`RStan`

Kritian Brock

`trialr`

is a collection of Bayesian clinical trial
designs implemented in Stan and R. The documentation is available at https://brockk.github.io/trialr/

There are many notable Bayesian designs and methods for clinical trials. However, one of the factors that has constrained their use is the availability of software. We present here some of the most popular, implemented and demonstrated in a consistent style, leveraging the powerful Stan environment for Bayesian computing.

Implementations exist in other R packages. Sometimes authors make available code with their publications. However, challenges to use still persist. Different methods are presented in disparate styles. Features implemented in one package for one design may be missing in another. Sometimes the technology chosen may only be available on a particular operating system, or the chosen technology may have fallen into disuse.

`trialr`

seeks to address these problems. Models are
specified in Stan, a state-of-the-art
environment for Bayesian analysis. It uses Hamiltonian Monte Carlo to
take samples from the posterior distribution. This method is more
efficient than Gibbs sampling and reliable inference can usually be
performed on a few thousand posterior samples.

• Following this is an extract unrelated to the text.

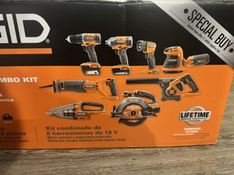 Brand New Unopened RIDGID18V Cordless 8-Tool Combo Kit with 2.0 Ah Battery, 4.0 Ah Battery, Charger, and Tool Bag$475Delaware, OH

R, Stan and
`trialr`

are each available on Mac, Linux, and Windows, so
all of the examples presented here work on each operating system.
Furthermore, Stan offers a very simple method to split the sampling
across *n* cores, taking full advantage of the modern multicore
processors.

The designs implemented in `trialr`

are introduced briefly
below, and developed more fully in vignettes. We focus on real-life
usage, including:

- fitting models to observed data;
- processing posterior samples using tidy principles to produce useful inferences;
- and visualising inferences using modern
`ggplot`

graphics.

In all examples, we will need to load `trialr`

`library(trialr)`

The Continual Reassessment Method (CRM) was first published by O’Quigley, Pepe, and Fisher (1990). It assumes a smooth mathematical form for the dose-toxicity curve to conduct a dose-finding trial seeking a maximum tolerable dose. There are many variations to suit different clinical scenarios and the design has enjoyed relatively common use, although nowhere near as common as the ubiquitous and inferior 3+3 design.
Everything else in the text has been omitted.